The Lombard duchies, part of the loosely-knit Lombard kingdom, were essentially independent, in spite of their common roots and language, and law and religion similar to that of the north, and in spite of the Beneventan dukes' custom of taking to wife women from the royal family. A swathe of territory that owed allegiance to Rome or to Ravenna separated the dukes of Benevento from the kings at Pavia. Cultural autonomy followed naturally: a distinctive liturgical chant, the Beneventan chant, developed in the church of Benevento: it was not entirely superseded by Gregorian chant until the 11th century. A unique Beneventan script was also developed for writing Latin. The 8th-century writer Paul the Deacon arrived in Benevento in the retinue of a princess from Pavia, the duke's bride. Settled into the greatest of Beneventan monasteries, Monte Cassino, he wrote first a history of Rome and then a history of the Lombards, the main source for the history of the duchy to that time as well.

Expansion
Under Zotto's successors, the duchy was expanded against the Byzantine Empire. Arechis, himself from the duchy of Friuli, captured Capua and Crotone, and sacked Byzantine Amalfi, but was unable to capture Naples. After his reign, Byzantine holdings in southern Italy were reduced to Naples, Amalfi, Gaeta, Sorrento, Calabria, and the maritime cities of Apulia (Bari, Brindisi, Otranto, etc.). In 662, Duke Grimoald I (duke since 647), went north to aid the King Godepert against his brother, the co-king Perctarit, and instead killed the former, forced the latter into exile, and captured Pavia. As king of the Lombards, he tried to reinstate Arianism over the Catholicism of the late king Aripert I. However, Arianism was disappearing even in the duchy, as was the distinction between the ethnic Lombard population and the Latin- and Greek-speaking one. In 663, the city itself was besieged by the Byzantines during the failed attempt of Constans II, who had disembarked at Taranto, to recover southern Italy. Duke Romuald I defended the city bravely, however, and the Emperor, also fearing the arrival of Romuald's father, King Grimoald, retired to Naples. However, Romuald intercepted part of the Roman army at Forino, between Avellino and Salerno, and destroyed it. A peace between the Duchy and the Eastern Empire was signed in 680.

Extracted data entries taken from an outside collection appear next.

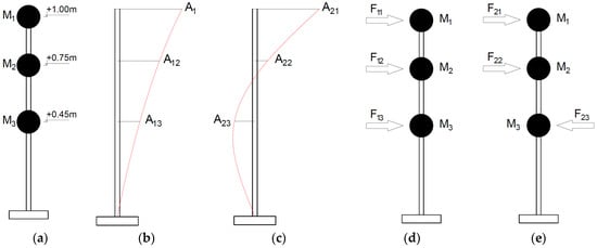 The lumped masses attached to the model were M1 = 0.100 kg, M2 = 0.263 kg, and M3 = 0.433 kg. The amplitudes of the first and the second eigenmodes were A11 = 1.00, A12 = 0.68, A13 = 0.34, and A21 = 1.00, A22 = 0.16, A23 = −0.48, respectively. The maximum accelerations recorded at the top of the model while tracking the first and the second frequency were a1 = 35 m/s2 and a2 = 4 m/s2, respectively. Based on these data, the inertia forces acting on the model were calculated for the first and the second natural frequency:
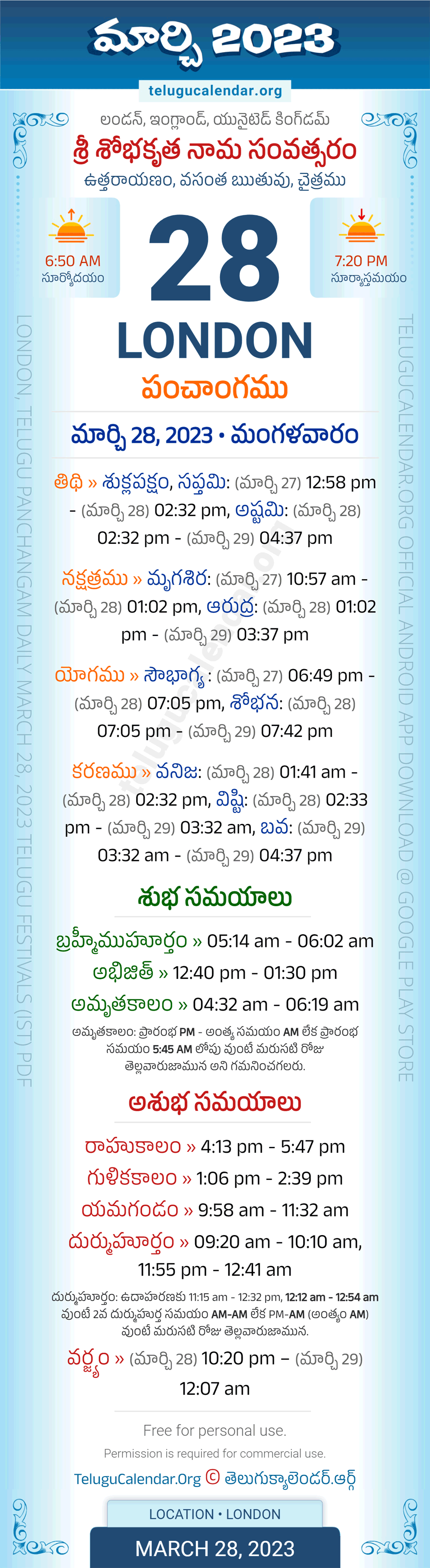 Download » March 28, 2023 » London (UK) Telugu Panchangam Daily Sheet with Auspicious and Inauspicious Timings.
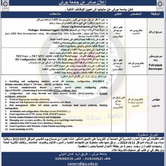 كما أعلن عن وظائف شاغرة بالتنسيق مع الوزارات والمؤسسات الحكومية .
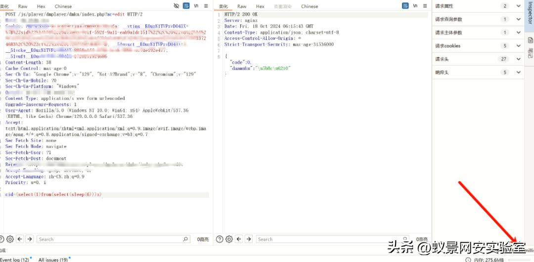确实是 sleep 了,说明漏洞存在,我们看到代码
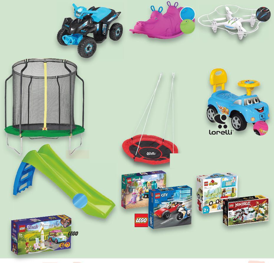 Цените са валидни за посочените на последна страница хипермаркети. Стоките се продават в количества, обичайни за едно домакинство. Всички цени са в лева с включен ДДС. Всички артикули се предлагат без декорация. Снимките са примерни. ОБНОВИ ДОМАШНАТА БИБЛИОТЕКА ЗА 24 МАЙ Виж още оферти за празника 299,90* 69,99* 69,99* 17,99 6,99 34,99 19,99 2,99 18,00 21,99 34,99 27,99* 139,90* 49,99* 1+ 4+ 6+ 3+ 9 м+ 2+ 34,99 21,99 -18% 8,99 -22% 44,99 -22% 25,00 -20% 3,99 -25% 29,99 43,99 -26% -20% Детска люлка двуместна, 45 x 36 x 103 см LOKO TOYS Електрическо ATV до 2 км/ч, 48 x 46 x 72 см до 30 кг Детска пързалка 116 х 63 х 36 см, до 25 кг Детски батут с мрежа Ø244 x 240 см, до 50 кг Люлка Ø113 см, до 150 кг Детски дрон с дистанционно, 4 степени
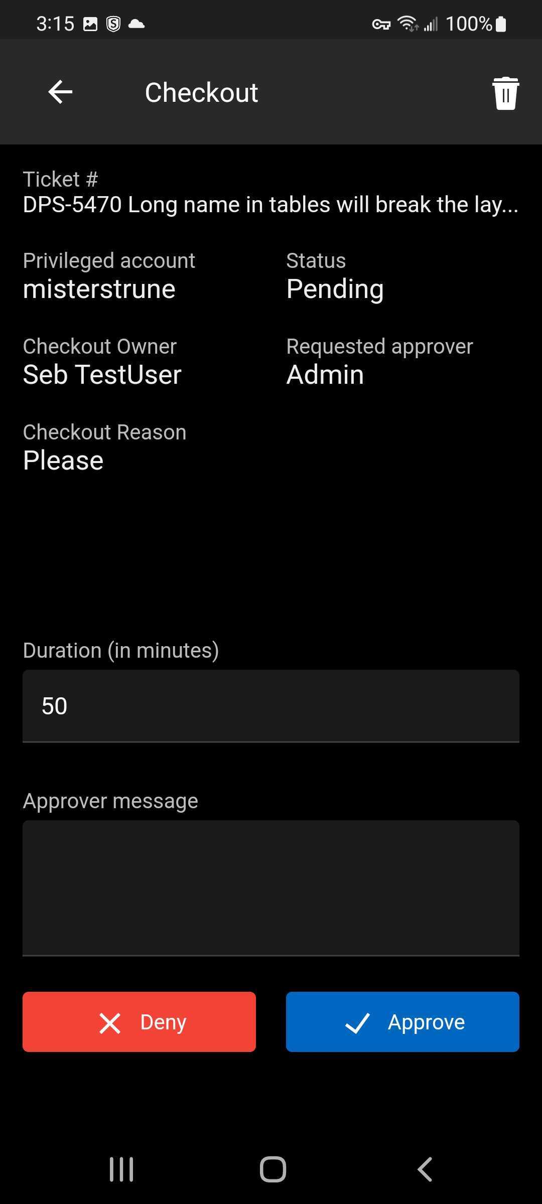 - New Checkouts (PAM): view the active checkouts, grant or deny a checkout request, and force check-in, directly from the Devolutions Server mobile app in Devolutions Workspace.
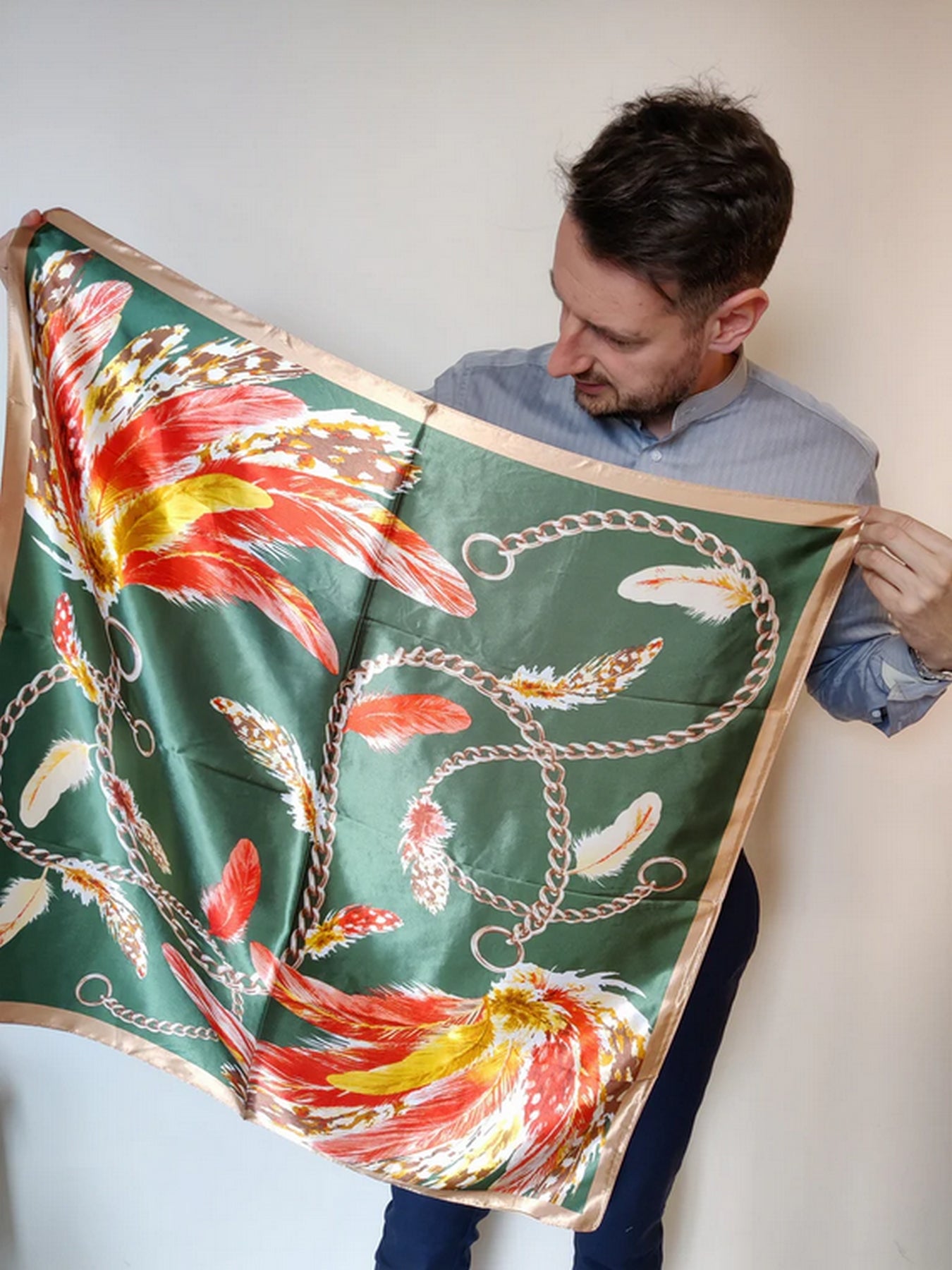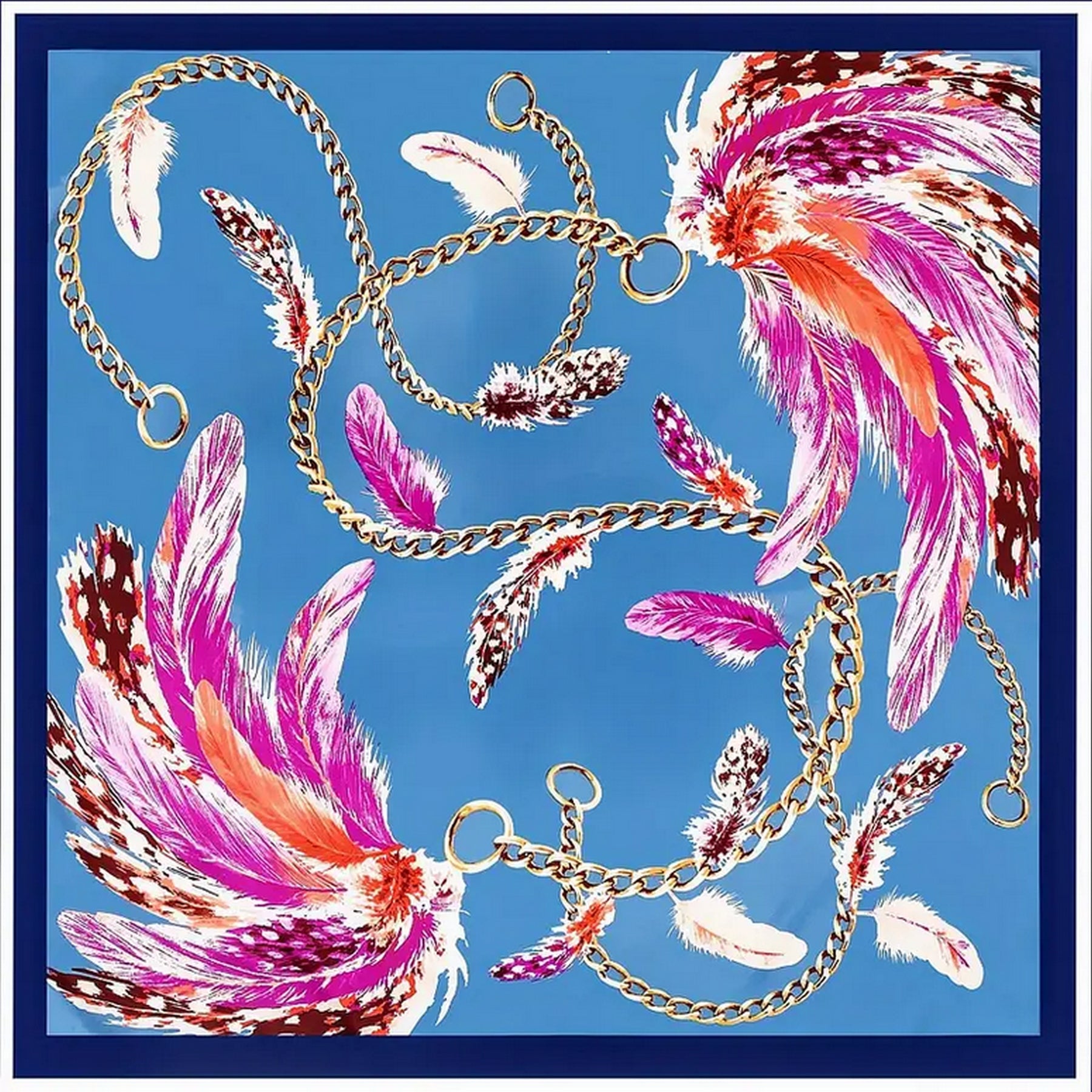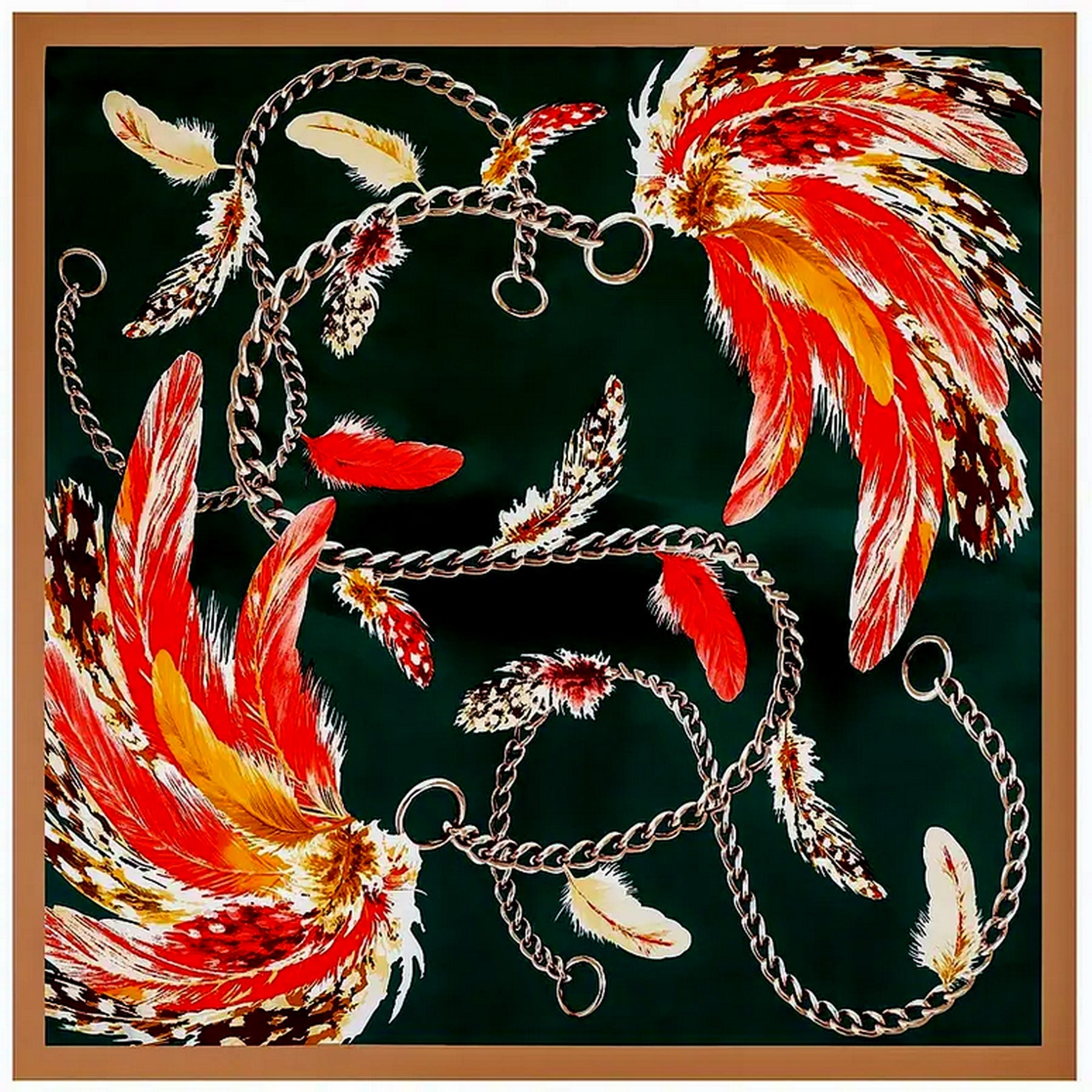 Scarf Shack Women’s Silk Feel Square Hair Neck Scarf Sleeping Headscarf, Feather and Chains Print Fashion Bandana

In the following decades, Benevento conquered some territories from the Byzantines, but the main enemy of the duchy was now the northern Lombard kingdom itself. King Liutprand intervened several times to impose a candidate of his own on the ducal throne. His successor, Ratchis, declared the duchies of Spoleto and Benevento foreign countries where it was forbidden to travel without royal permission.

Secundum Ticinum

In 758, king Desiderius briefly captured Spoleto and Benevento, but with Charlemagne's conquest of the Lombard kingdom in 774, Arechis II tried to claim the royal dignity and make Benevento a secundum Ticinum: a second Pavia (the old Lombard capital). Seeing that this was impractical and would draw Frankish attention to himself, he opted instead for the title of princeps (prince). In 787, he was forced by Charlemagne's siege of Salerno to submit to Frankish suzerainty. At this time, Benevento was acclaimed by a chronicler as a Ticinum geminum—a "twin Pavia". Arechis expanded the Roman city, with new walled enclosures extending onto the level ground southwest of the old city, where Arechis razed old constructions for a new princely palace, whose open court is still traceable in the Piano di Corte of the acropolis. Like their Byzantine enemies, the dukes linked the palace compound with a national church, Saint Sophia.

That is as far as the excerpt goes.